Methods: START was an open-label, multi-center study that enrolled 6,998 RRMS patients. Primary endpoints were incidence of bradycardia (heart rate < 45 bpm) and second-/third-degree atrioventricular (AV) block during treatment initiation. Subgroup analyses were performed according to age, gender, body mass index (BMI), baseline expanded disability status scale (EDSS), and concomitant medication to determine the impact of these variables on cardiac outcomes parameters.

Results: 63 patients (0.9%) developed bradycardia (<45 bpm), 120 patients (1.7%) had a second-degree Mobitz I (Wenkebach) block and/or 2:1 AV block. One case of an asymptomatic third-degree AV block occurred. No Mobitz II AV block was observed. After 1 week, no second-/third-degree AV block was observed.
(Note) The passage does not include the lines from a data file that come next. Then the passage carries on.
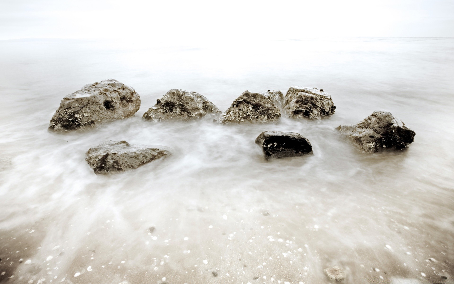Playa de arena desierta bañada por el mar bajo un cielo nublado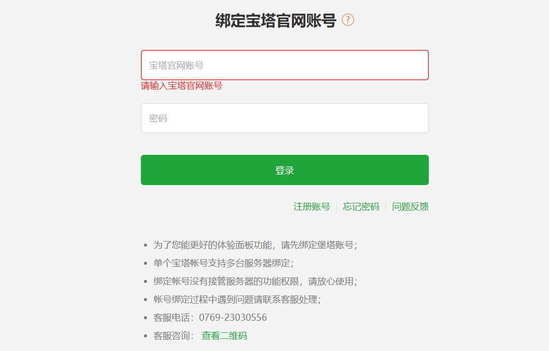 登录并且阅读完用户协议后,登录宝塔账号,没有的可以注册一个(阿里云服务器是可以直接登录阿里云账号的)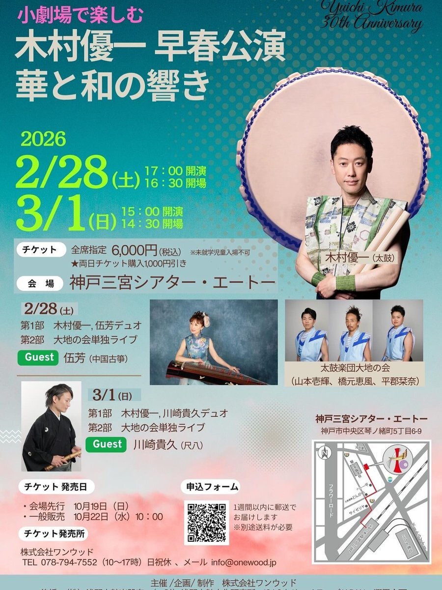 2026/02/28日(土) 2026/03/01(日) 木村優一早春公園 華と和の響き 神戸三宮シアター・エートー 神戸市中央区琴ノ緒町5-6-9 2/28開場16:30 3/1 開場14:30 出演 木村優一 チケット.問合 ワンウッド 078-794-7552 info@onewood.jp #太鼓 #和太鼓 #TAIKO #WADAIKO #木村優一 pic.x.com/ANYW8CnmAc

The incidence of second- or third-degree AV blocks was significantly higher in older patients (≥50 years; p = 0.014 vs. patients 35–49 years). Second- or third-degree AV blocks were more frequent in females (87.5% of all patients with a second- or third-degree AV block; p < 0.001), while bradycardia occurred more often in males (58.7% of all bradycardia events; p < 0.001). Furthermore, patients with a BMI below 25 had a higher incidence of second- or third-degree AV block.

Conclusions: In summary, transient bradycardia and AV conduction abnormalities after the first dose of fingolimod were rare and asymptomatic. When compared to females, male patients might have a higher risk for bradycardia during treatment initiation, presumably due to a lower resting heart rate. Furthermore, a low heart rate before treatment initiation, low body weight, or low BMI possibly increases the risk for bradycardia. Second- or third-degree AV blocks were more frequent in females, older patients and patients with a low BMI. Nevertheless, these cardiac events remained rare and benign, confirming the favorable cardiac safety profile of fingolimod upon treatment initiation in MS patients without cardiovascular comorbidities.